We propose a new similar sequence matching method that efficiently supports variable-length and variable-tolerance continuous query sequences on time-series data stream. Earlier methods do not support variable lengths or variable tolerances adequately for continuous query sequences if there are too many query sequences registered to handle in main memory. To support variable-length query sequences, we use the window construction mechanism that divides long sequences into smaller windows for indexing and searching the sequences. To support variable-tolerance query sequences, we present a new notion of intervaled sequences whose individual entries are an interval of real numbers rather than a real number itself. We also propose a new similar sequence matching method based on these notions, and then, formally prove correctness of the method. In addition, we show that our method has the prematching characteristic, which finds future candidates of similar sequences in advance. Experimental results show that our method outperforms the naive one by 2.6–102.1 times and the existing methods in the literature by 1.4–9.8 times over the entire ranges of parameters tested when the query selectivities are low (<32%), which are practically useful in large database applications.

Introduction

A time-series is a sequence of real numbers representing values at specific time points [8], [9], [18]. Examples of time-series data include stock prices, weather data, network traffic data, and sensor data. There have been a number of efforts to handle the time-series data stored in databases [1], [8], [17], [18], [21], [27]. Recently, the data stream has become of growing importance with new requirements due to advances in network technology and mobile/sensor devices in emerging ubiquitous environments [6], [9], [10], [14], [20]. A data stream is a sequence of data entries that continuously arrive in a sequential order [2], [19]. Examples include real-time sensor data, frequently changing trajectories of moving objects, and continuous flows of network packet data. The primary characteristic of a data stream is that the data are generated continuously, rapidly, unboundedly, and in real-time. Due to this characteristic, the entire data cannot be stored in a database, but should be processed on the fly. Hence, queries on data streams are not one-time queries, which are executed only once against stored data, but they are continuous queries that are registered in advance and run repeatedly over a period of time [2], [19]. Thus, query processing in data streams can be seen as dual of that in databases because the former searches against stored continuous queries for data entries that newly arrive while the latter searches against stored data for one-time queries [5], [15].

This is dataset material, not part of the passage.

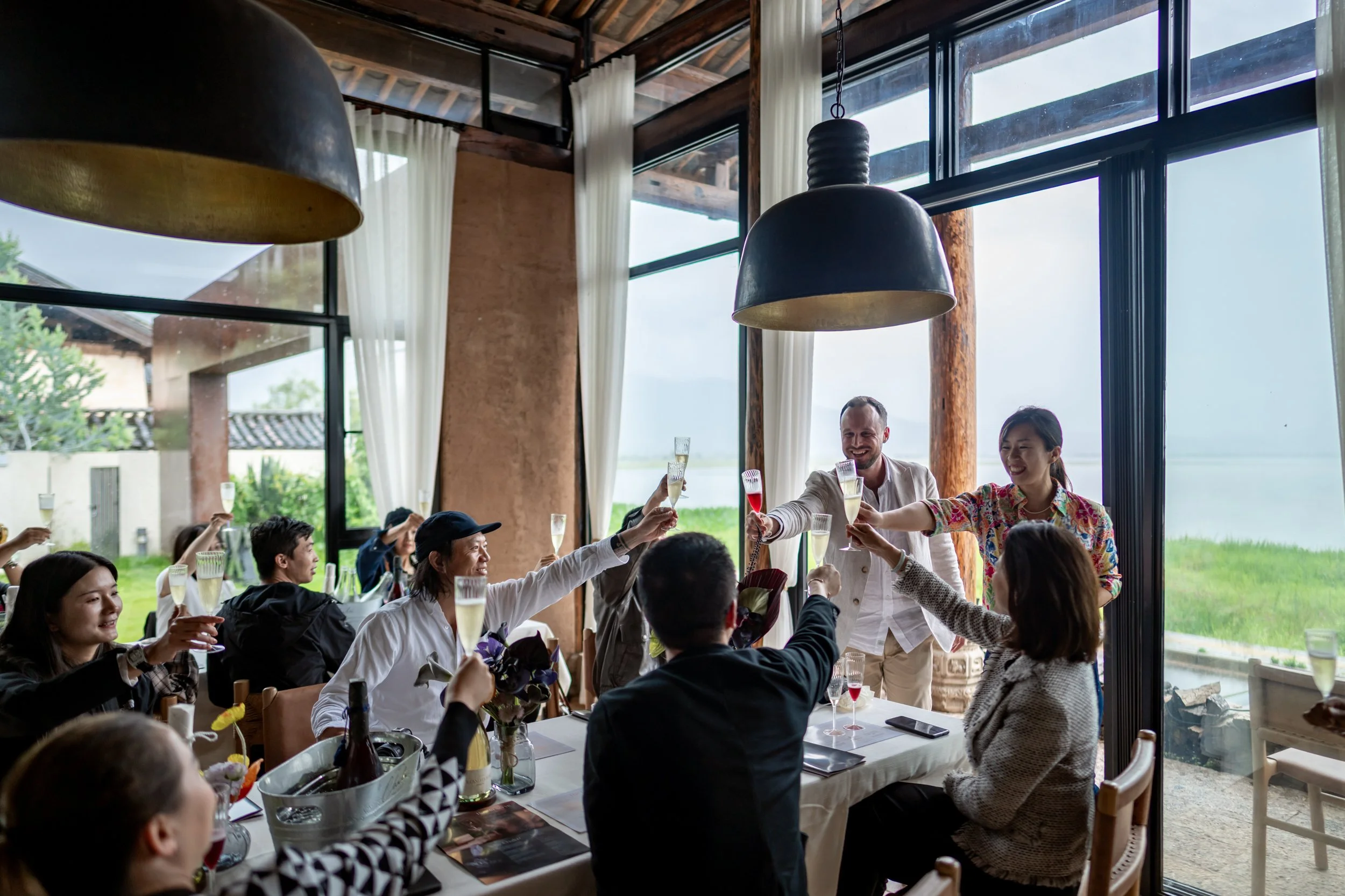 Founders Fraser and Mia raise a glass at LUX* Tea Horse Road’s Lashi Lake resort

We define the time-series data that arrive in the form of data streams as the data stream sequence and the time-series data registered in the database as the continuous query sequence. We then define the similar sequence matching on data stream as finding the continuous query sequences that match the incoming data stream sequence up to a specific point in time within the user-specified tolerance.

We focus on similar sequence matching that can support a large number of variable-length and variable-tolerance continuous query sequences. Query sequences can be registered by many different users with different requirements on the lengths and tolerances. Nevertheless, existing results reported in the literature either support only fixed-length or fixed-tolerance continuous query sequences [9], [14] or are unable to support a large number of query sequences with variable lengths or variable tolerances [10]. Other recent similar sequence matching methods reported in the data stream environment are only capable of handling one continuous query sequence [6], [20].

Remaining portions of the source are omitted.